I saw this article today about rebooting a frozen system without having to hit the power button, which looks like it might be useful. We do have this happen once in a while - usually for no readily apparent reason, and since I tend to go by the “once is an anomaly, twice in quick succession is time to investigate” rule, I confess I don’t look too hard.

Also very useful today was step-by-step guide to installing IRAF on Debian (literally tells you exactly what to type). IRAF is an astronomy program, so this information is probably of use to a very small subset of people, but still. I have found it a PITA to install, partly because it insists on belonging to its own user rather than root. This install (of the latest beta) went very smoothly, although I haven’t heard back from the requesting user yet.

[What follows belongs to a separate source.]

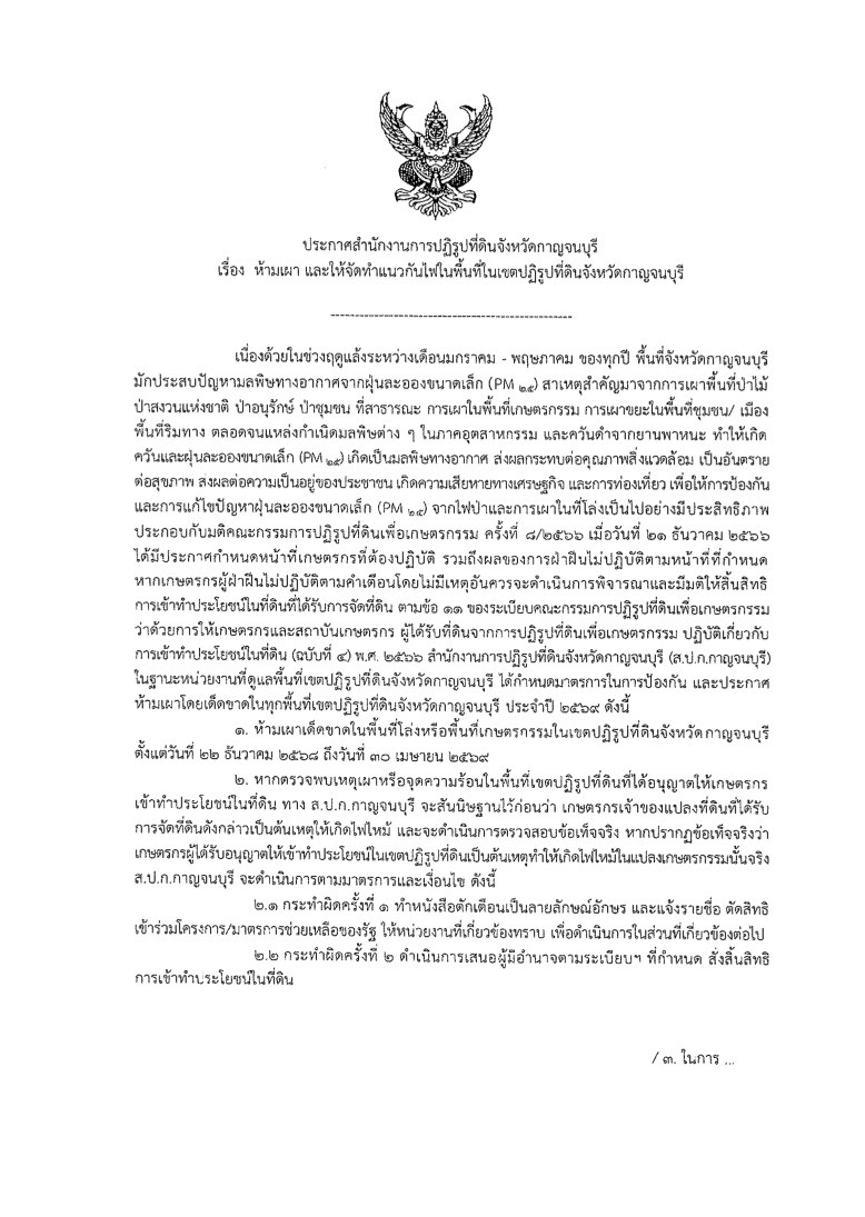 กรมควบคุมมลพิษ กำชับให้แต่ละพื้นที่คุมเข้มการบังคับใช้กฎหมายห้ามเผา เพื่อรับมือสถานการณ์ไฟป่า หมอกควัน และฝุ่นละออง PM 2.5 มีโทษปรับสูงสุด 2,000,000 บาท จำคุก 20 ปี หรือทั้งจำทั้งปรับ
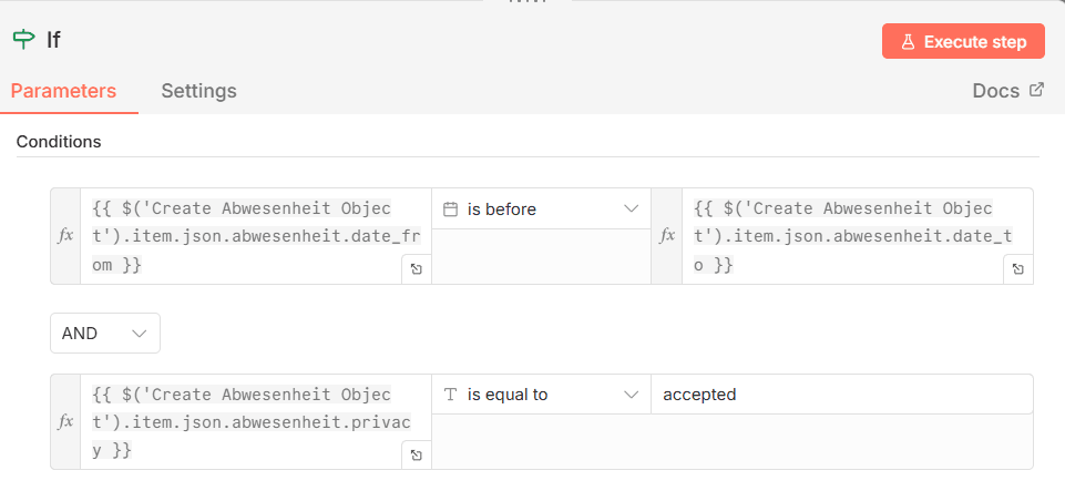 Dafür fügen wir eine IF-Node ein, die prüft, ob beide Datumswerte in der richtigen Reihenfolge liegen.

Finally, a note on RAID5. A fortnight ago two drives on my RAID5 array failed (I was out of the office at the time & can’t find anything in the logs to indicate why). Much beeping ensued, drive appeared dead (suspicion was that the hotspare had failed partway through the rebuild, i.e. all data would be lost). The very competent support engineer managed to fix it after several hours (the old drives resurrected themselves; neither of us have any idea why), and I’ve now replaced both faulty drives and done the required rebuilds.

However: it reminded me of concerns I’ve had in the past about the reliability of SATA drives, and the deceptive appearance of redundancy that RAID5 has. Whilst in theory you can lose up to two drives and still not lose your data, in practice a) drives may tend to fail around the same time, and b) the thrashing caused by a rebuild may be enough to trigger failure in another drive (in which case you lose data).

I’m not sure if there are any much better alternatives, though; I guess the lesson is ALWAYS BACK UP. (Yes, I did have backups, even if I didn’t need them in the end!)